====== RECORDS ======

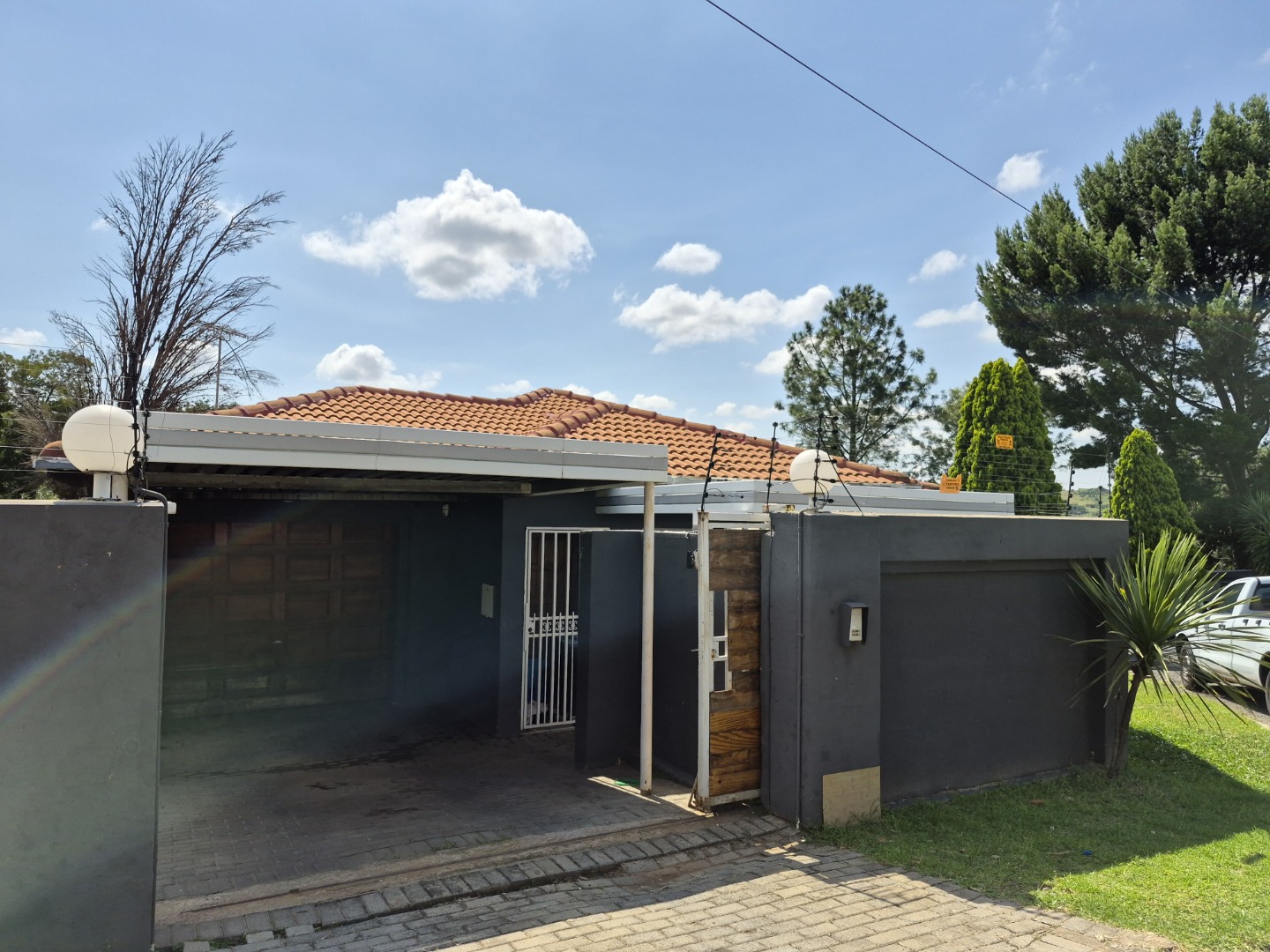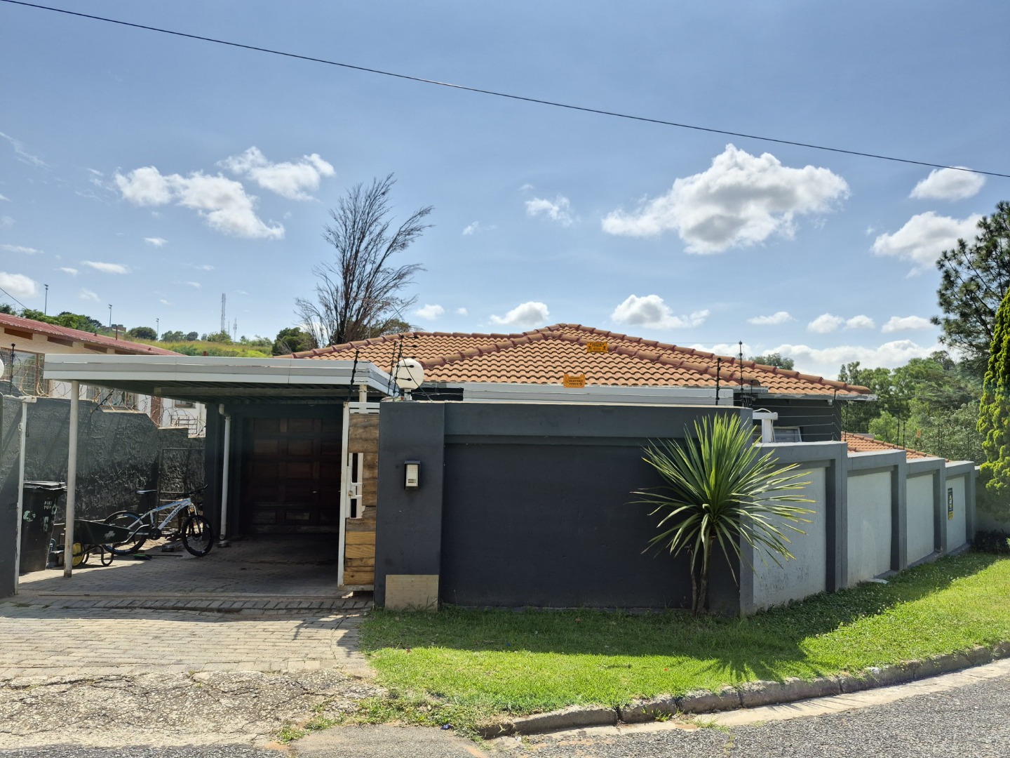 Situated in the established suburban enclave of Oakdene, Johannesburg, this distinguished residence presents a robust kerb appeal with its modern dark grey perimeter wall and gate, complemented by a classic terracotta tiled roof. The property benefits from a paved driveway and visible security features, including an electric fence and security gate, ensuring a secure environment.
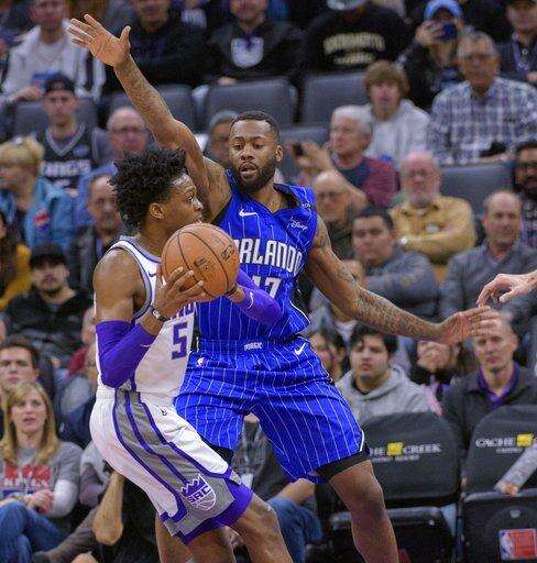 Orlando Magic forward Jonathon Simmons (17) defends against Sacramento Kings guard De'Aaron Fox (5) during the first quarter of an NBA basketball game in Sacramento, Calif., Monday, Jan. 7, 2019. (AP Photo/Randall Benton) The Associated Press
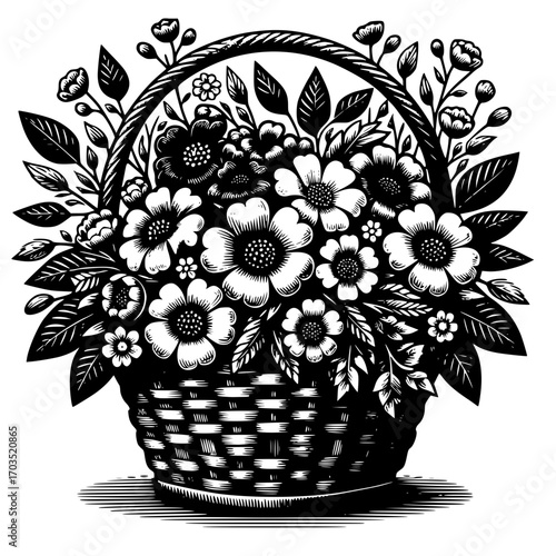Adobe Illustrator Artwork: A vector illustration of a wicker basket filled with colorful flowers
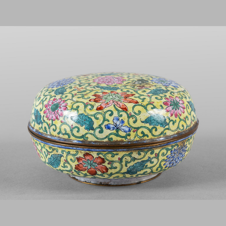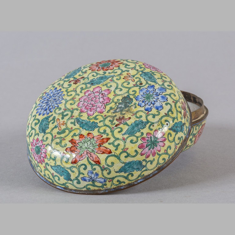 Scatolina in smalto decorata a fiori su fondo giallo Cina fine sec.XIX
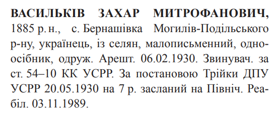 (Можливий варіант написання прізвища: Васильков) Реабілітовані історією
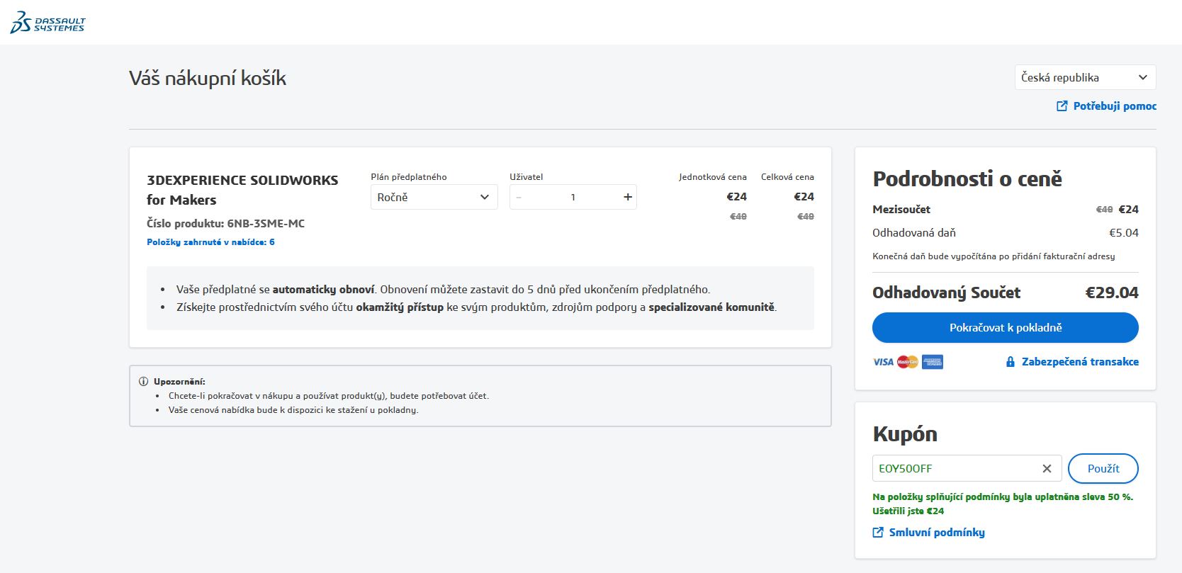 Mimochodem, ta licence SW for Makers byva pravidelne za pulku, 24 nebo 25 Eur. Staci si pockat a koupit online primo ze stranek Dassaultu.
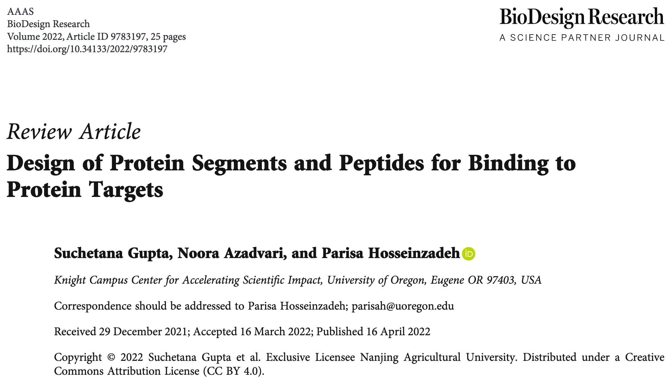 Gupta, S.; Azadvari, N.; Hosseinzadeh, P. Design of Protein Segments and Peptides for Binding to Protein Targets. BioDesign Research 2022. https://doi.org/10.34133/2022/9783197.
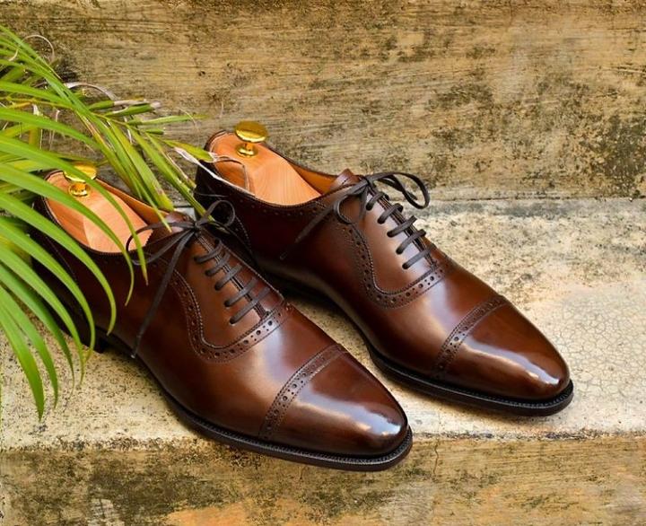 Awesome Chocolate Brown Cap Toe Leather Shoes, Hand Made Lace Up Shoes

======

**TASK REQUIREMENTS:** Could you set down the data exactly as given, minus its pictures?

**RESPONSE BELOW:**
 Situated in the established suburban enclave of Oakdene, Johannesburg, this distinguished residence presents a robust kerb appeal with its modern dark grey perimeter wall and gate, complemented by a classic terracotta tiled roof. The property benefits from a paved driveway and visible security features, including an electric fence and security gate, ensuring a secure environment.
 Orlando Magic forward Jonathon Simmons (17) defends against Sacramento Kings guard De'Aaron Fox (5) during the first quarter of an NBA basketball game in Sacramento, Calif., Monday, Jan. 7, 2019. (AP Photo/Randall Benton) The Associated Press
Adobe Illustrator Artwork: A vector illustration of a wicker basket filled with colorful flowers
 Scatolina in smalto decorata a fiori su fondo giallo Cina fine sec.XIX
 (Можливий варіант написання прізвища: Васильков) Реабілітовані історією
 Mimochodem, ta licence SW for Makers byva pravidelne za pulku, 24 nebo 25 Eur. Staci si pockat a koupit online primo ze stranek Dassaultu.
 Gupta, S.; Azadvari, N.; Hosseinzadeh, P. Design of Protein Segments and Peptides for Binding to Protein Targets. BioDesign Research 2022. https://doi.org/10.34133/2022/9783197.
 Awesome Chocolate Brown Cap Toe Leather Shoes, Hand Made Lace Up Shoes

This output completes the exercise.